Educational software like Tinkerplots is suitable to visualize the process of data generation. In the box on the left side, the population according to the base rate is represented. In the middle, the characteristics of a diagnostic test are shown. On the right side, the results are represented using a two by two table (the test characteristics concern mammography and breast cancer; Batanero et al. 2005b). The advantage of such a simulation is to be seen in running the process of data generation in front of the learner’s eyes. With regard to recent and current research in multimedia supported learning environments, there is a lot of empirical evidence (e.g. Pfannkuch 2005; Wassner and Martignon 2002; Hoffrage 2003; Salomon 1993) that using them the learners can be successfully supported in building adequate mental models of the problem domain, here in learning about conditional probabilities.

7 Conclusion

There are three approaches of modelling situations with randomness: the classical approach, the frequentistic approach and the subjectivistic approach. With regard to a pure educational perspective, we asked for what teachers must know about the underlying concept of probability. To answer this question, we first made a short proposal of essentials of a basic content knowledge teachers should have and contrasted it with empirical findings of existing research concerning teachers’ knowledge and beliefs about probability approaches.
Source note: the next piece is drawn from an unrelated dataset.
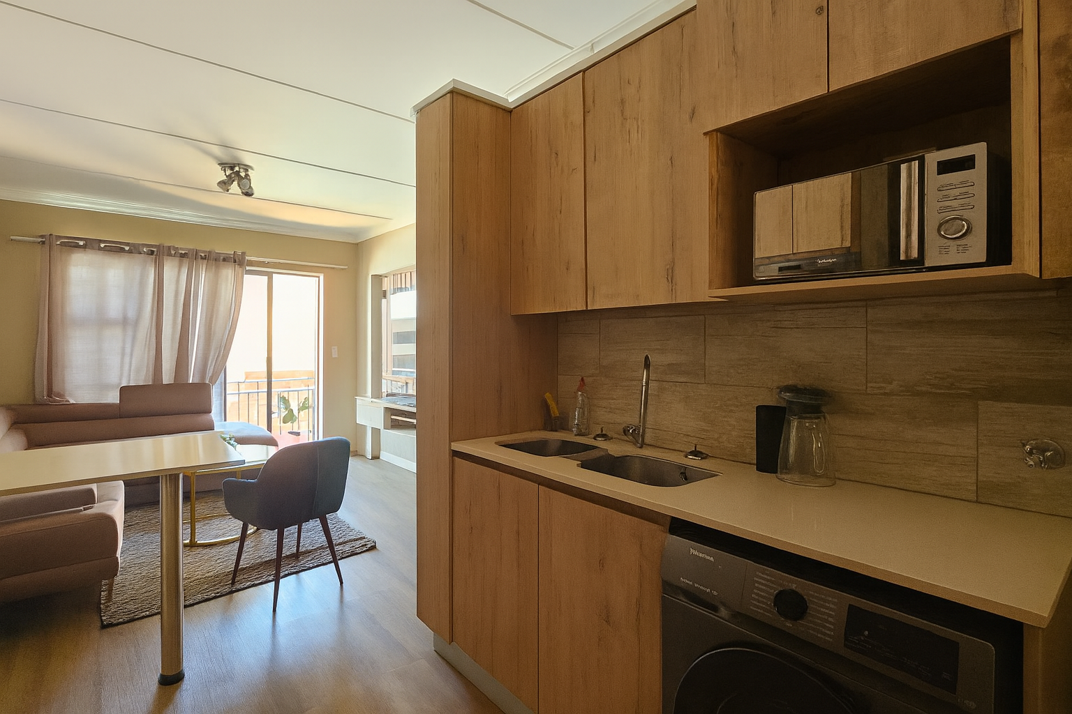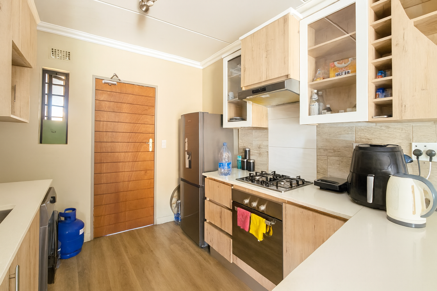 The apartment features two spacious bedrooms, both fitted with built-in cupboards. The main bedroom offers ample space, while the second bedroom comfortably accommodates a double bed, perfect for a small family, couple, or young professional. The open-plan kitchen and living area create a warm and welcoming atmosphere, ideal for entertaining. The kitchen is equipped with a gas stove and geyser, helping you save on electricity costs.

On this base, we developed a normative proposal for teaching the three approaches of probability: firstly, we outlined our normative focus on teachers’ potential pedagogical content knowledge (PCK) concerning the construct of probability, and secondly, we elaborated the underlying ideas by examples of three different classroom activities of throwing dice that provide the three approaches mentioned above. Thereby we used a modelling perspective which allows for interpreting the different approaches to probability as being different kinds of modelling a problem situation of uncertainty.

This modelling perspective also allows for leaving the gambling world and for applying different approaches to probability in problem situations which could be categorized along a scale between a virtual world, on the one side, and the real world, on the other side. In a nutshell, we finally focused on technological pedagogical content knowledge (TCPK). By discussing the question how technology, and simulation in particular, can enhance students understanding of probabilities, we distinguished three different roles which simulations can play. Especially computer-based simulations are estimated to being worthwhile because of their power of producing new data which could be interpreted as empirical realizations of a random process. But by using digital tools in modelling situations with randomness, new research questions arise.